As for the issues, Wheeler, Dice and Rizzo agree on many things.

Wheeler is an outspoken prochoice and family-planning advocate and says his priorities are health care, highways and education. Dice often visits family in Denmark and says she has been inspired by the country’s “social safety net,” liberal healthcare and family-friendly policies she’d like to see in Missouri. “I like to say I’m the social-justice candidate,” Dice says.

Rizzo can point to his House career to define his political views. He has supported historic-preservation tax credits, neighborhood revitalization, affordable housing, and tougher criminal penalties. He has tried to repeal an old antisodomy law and opposes the death penalty. He has been endorsed by Missourians for Life in the past but now does not support further restrictions on abortion and has voted for family-planning funding.

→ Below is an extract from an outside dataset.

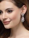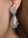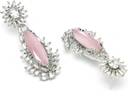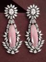 Silver Plated Big Pink Cubic Zirconia Studded Drop Earrings for Women
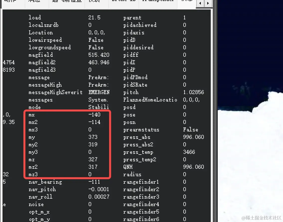 再切换到飞行数据 -> 状态栏,找到mx1,mx2,my1,my2,mz1,mz2 状态,其中无后缀的是飞控的内置磁力计,有后缀2的是我们的外置磁力计模块,这个顺序与我们上文提到的顺序一致,可以看到mx1和mx2,my1和my2,mz1和mz2 基本一致,但存在一定的可接受的误差,这说明我们的外置磁力计模块的数据是正常的,即与飞控内置磁力计模块的数据保持一致。注意,此时外置磁力计模块已经与飞控朝向一致的固定连接在一起,但如果你和我一样是用手将它两按在一起,那么查看数据时记得确保将它两朝向一致的按在一起。

In the last legislative session, he carried Mayor Kay Barnes’ request for money to revitalize downtown Kansas City.

Marilyn Shapiro, president of the CCP, says Rizzo’s experience and commitment to Kansas City gave him the edge over Wheeler — the group’s first choice all those years ago — for the CCP’s endorsement.

“We were looking at city issues and strength in being able to handle issues related to Kansas City. [Rizzo] had that strength,” Shapiro says.

Wheeler insists his legacy means more.

“When I was county judge, I sat in the same seat as Harry Truman over in the Independence Courthouse, because they never changed the seats,” Wheeler remembers. “I could say I was following in his footsteps.”